In order to meet the 42-month construction deadline, many steel and concrete bridge elements were prefabricated, with a portion of the work taking place on temporary piers. Three jetties were built: one on the east from Brossard, one on the west from Nuns' Island, and one from the centre, adjacent to a dike along the Saint Lawrence Seaway.
- The pier through the canal, allowed, by means of cofferdams, the storage of piles of construction material.
- The central jetty served as a construction platform for the piers and towers of the section of the bridge utilizing guy-wires. Temporary pillars used during the construction of the Millau Viaduct in France were erected to support the cable-stayed span during construction. The main cable-stayed span above the seaway was assembled in segments by means of a crane.

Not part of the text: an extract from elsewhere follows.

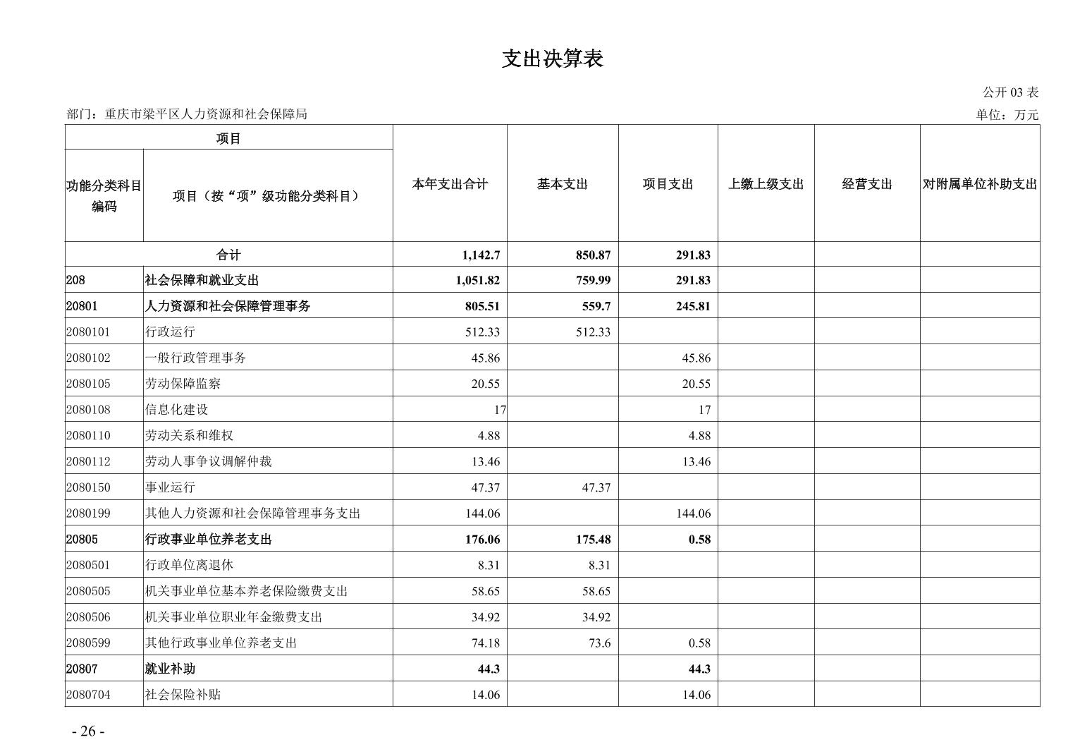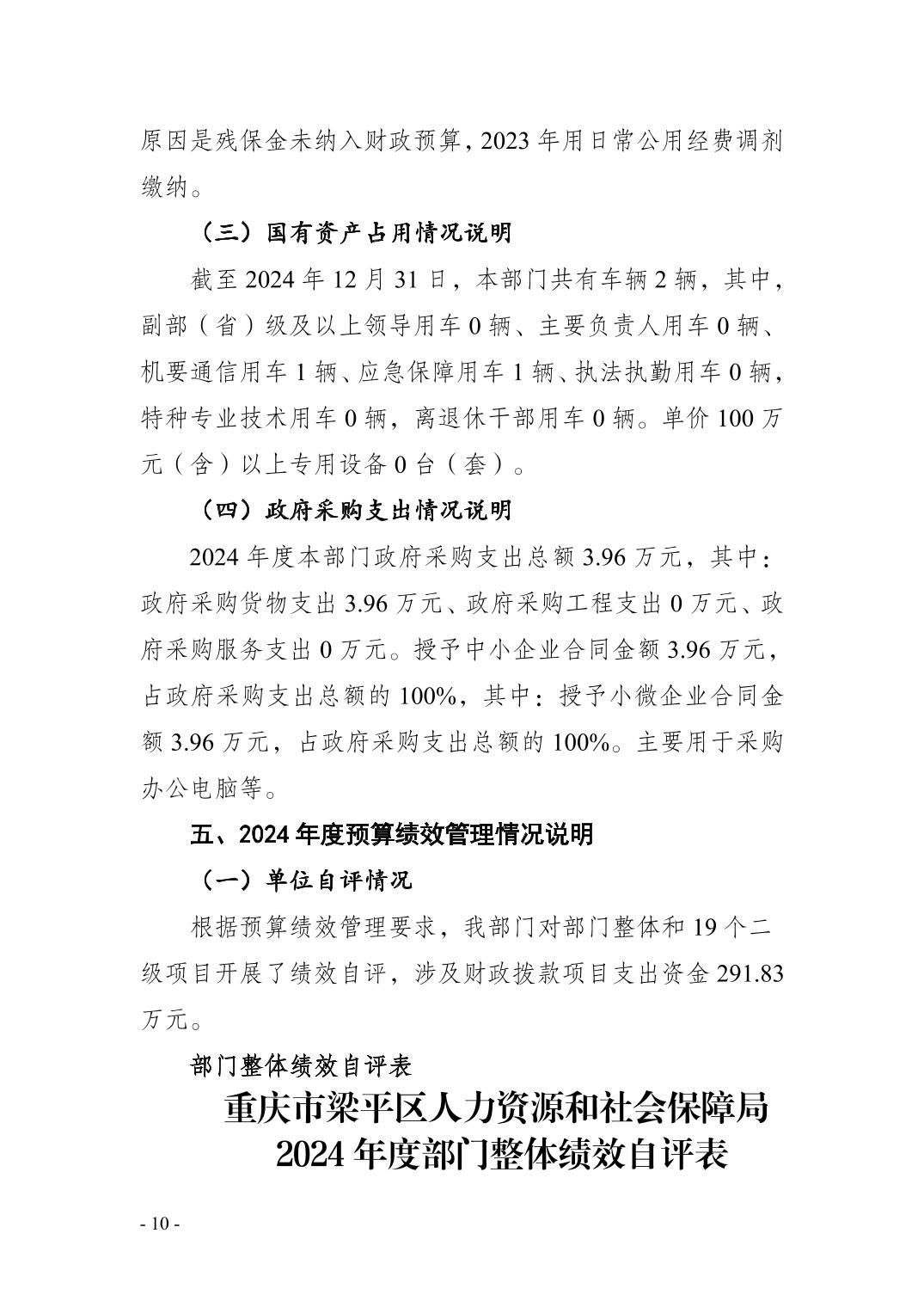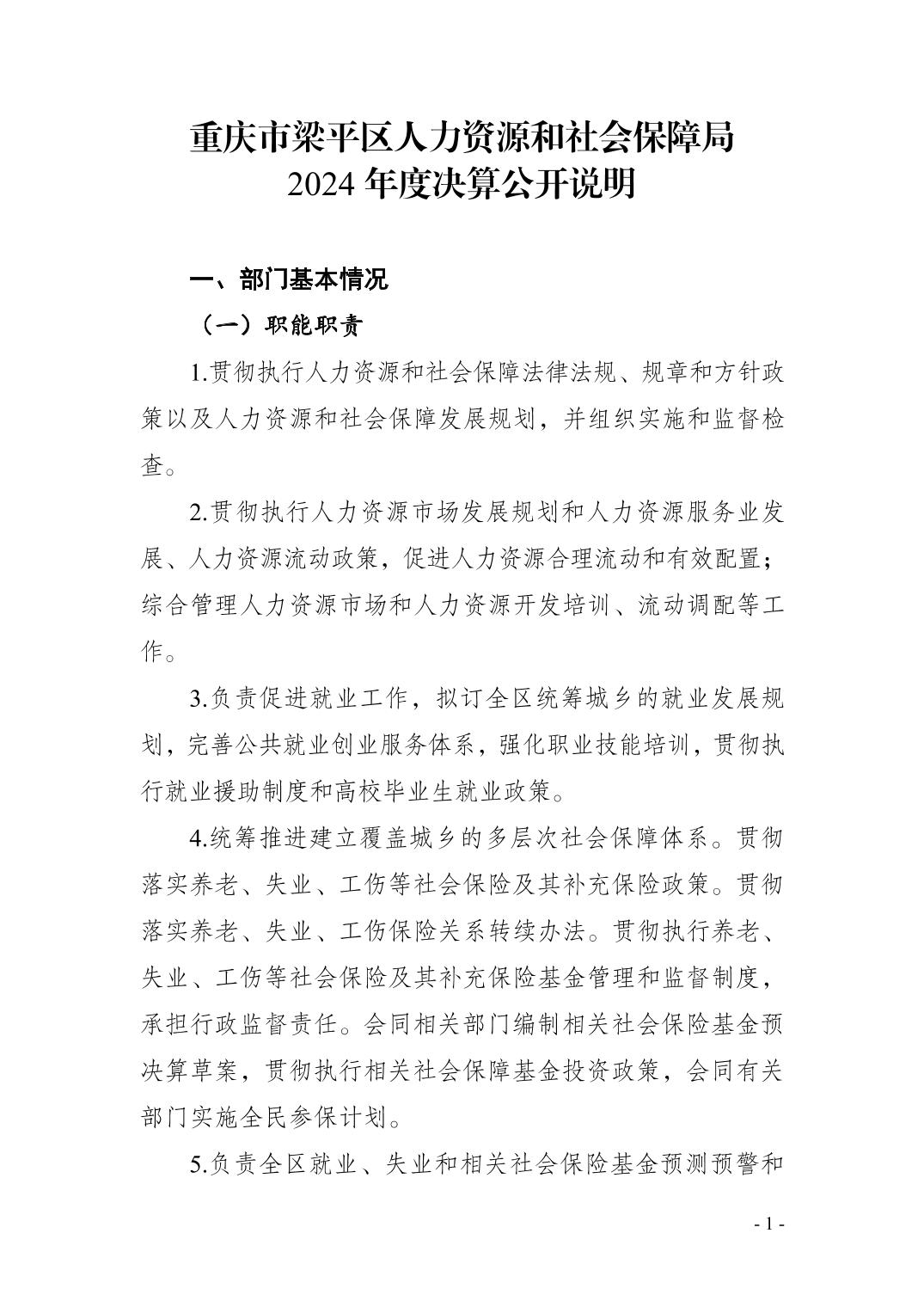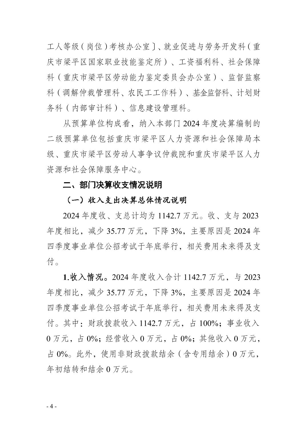 标题 | 重庆市梁平区人力资源和社会保障局 2024 年度决算公开说明 |

- The 500 metre (yard) long west pier was divided into three pre-assembly areas: a first for the concrete foundation footings that serve as the base for the viaduct section crossing the river, a second for the steel headers that complete the piles, and a third for the steel superstructures that wear the aprons. During the prefabrication of the 38 marine insoles, a pile primer and working platform were added to form a pile base measuring up to 14 m high. A super-transporter moved these stack bases from the prefabrication area to a loading area from where they were lifted by an industrial catamaran. The catamaran then deposited these bases in spaces drilled to a depth of 4 to 5 m into the riverbed. Two floating cranes finally overlaid the bases of the prefabricated elements to form piles and headers. The steel box girders supporting the three decks of the bridge were then deposited on the trimmers as they were completed.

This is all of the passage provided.